Today’s topic is pi: that glorious number that is more than a number. It is a phenomenon.
Some people think of pi as 3.14.
Some people think of pi as π.
Some people think of pi as
The dictionary says pi is:
1: the 16th letter of the Greek alphabet
2a : the symbol π denoting the ratio of the circumference of a circle to its diameter
b : the ratio itself : a transcendental number having a value rounded to eight decimal places of 3.14159265
Wikipedia goes into a little more detail:
π (sometimes written pi) is a mathematical constant whose value is the ratio of any Euclidean plane circle’s circumference to its diameter; this is the same value as the ratio of a circle’s area to the square of its radius. It is approximately equal to 3.14159265 in the usual decimal notation. Many formulae from mathematics, science, and engineering involve π, which makes it one of the most important mathematical constants
The Wikipededia continues:
π is an irrational number, which means that its value cannot be expressed exactly as a fraction m/n, where m and n are integers. Consequently, its decimal representation never ends or repeats. It is also a transcendental number, which implies, among other things, that no finite sequence of algebraic operations on integers (powers, roots, sums, etc.) can be equal to its value
That is a lot to digest, especially irrational and transcendental which seem more suited for talk of personalities rather than numbers. So lets look at some other things about pi.
You cannot celebrate pi day in Europe because 14.3 is not the same as 3.14. Actually, you could celebrate it but it would require some explaining.
The Guinness World Book record for memorized digits is 67,890 held by Lu Chao of China. It took 24 hours and 4 minutes to recite.
If 3.14 feels somewhat, well, incomplete, it is because it is. Even this needs elipses.
3.141592653589793238462643383279502884197169399375105820974944592307…
Because pi cannot be calculated to a conclusion. You could have a million decimal places, a trillion decimal places, and you would still not be done.
Nobel prize winning poet Wisława Szymborska wrote a poem about that:
The admirable number pi:
three point one four one.
All the following digits are also just a start,
five nine two because it never ends.
[…]
The caravan of digits that is pi
does not stop at the edge of the page,
but runs off the table and into the air,
over the wall, a leaf, a bird’s nest, the clouds, straight into the sky,
through all the bloatedness and bottomlessness.

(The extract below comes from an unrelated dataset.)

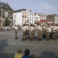 Taxichauffeurs met hun voertuig opgesteld op de westzijde van de Markt nabij de Korte Groenendaal, 08-04-1975. -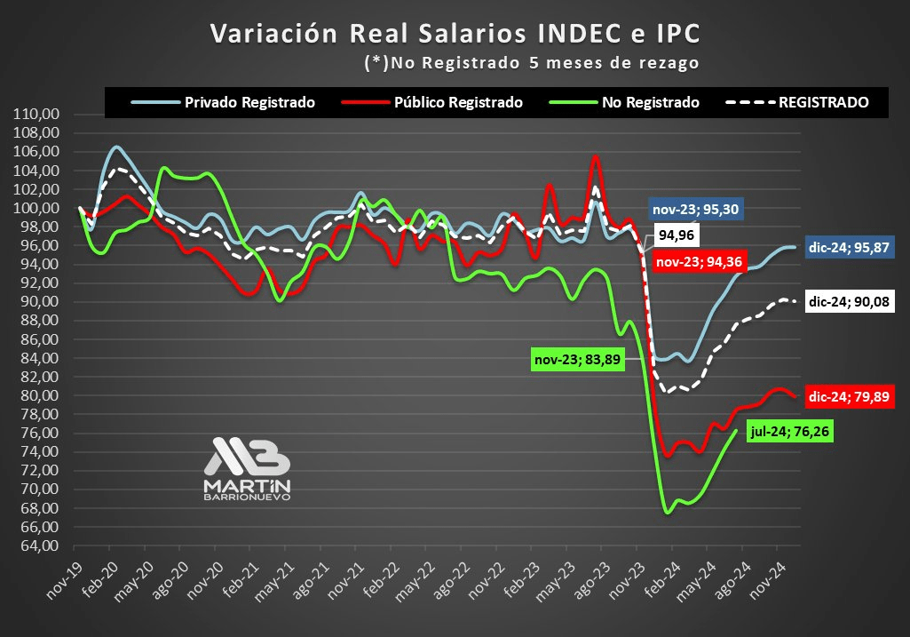 En el último mes previo a la llegada de Milei (noviembre de 2023), el salario real de los trabajadores no registrados se ubicaba en 83,9 puntos (habían perdido casi 16 puntos respecto del inicio del gobierno de Alberto Fernández). Los salarios públicos en 94,3 y los privados en 95,3, es decir también perdieron en los cuatro años de A.F. pero menos que los no registrados. Mientras tanto, el salario promedio para trabajadores registrados y no registrados se ubicaba en 95.

It’s neverendingness (∞) has been used to thwart criminals:
In the Star Trek: The Original Series episode “Wolf in the Fold”, after a murderous alien entity (which had once been Jack the Ripper) takes over the Enterprise’s main computer with the intention of using it to slowly kill the crew, Kirk and Spock draw the entity out of the computer by forcing it to compute pi to the nonexistent last digit, causing the creature to abandon the computer, allowing it to be beamed into space.
.
So today, 3.14, celebrate your inner geek.
Go to the Pi Day web site to check out pi stuff.
Invent a pi-ku (1st line: 3 syllables, 2nd line: 1 syllable, 3rd line: 4 syllables).
Bake a pie.
.
Enjoy some music.
.
Celebrate a famous physicist’s birthday.
Or the birthday of our famous physicist:
Happy birthday, rb137. GEEK!!
.
And count the days until Pi Day 2015 when, at 9:26:53am (wherever you are), it will be 3.141592653. Better, but still not perfect.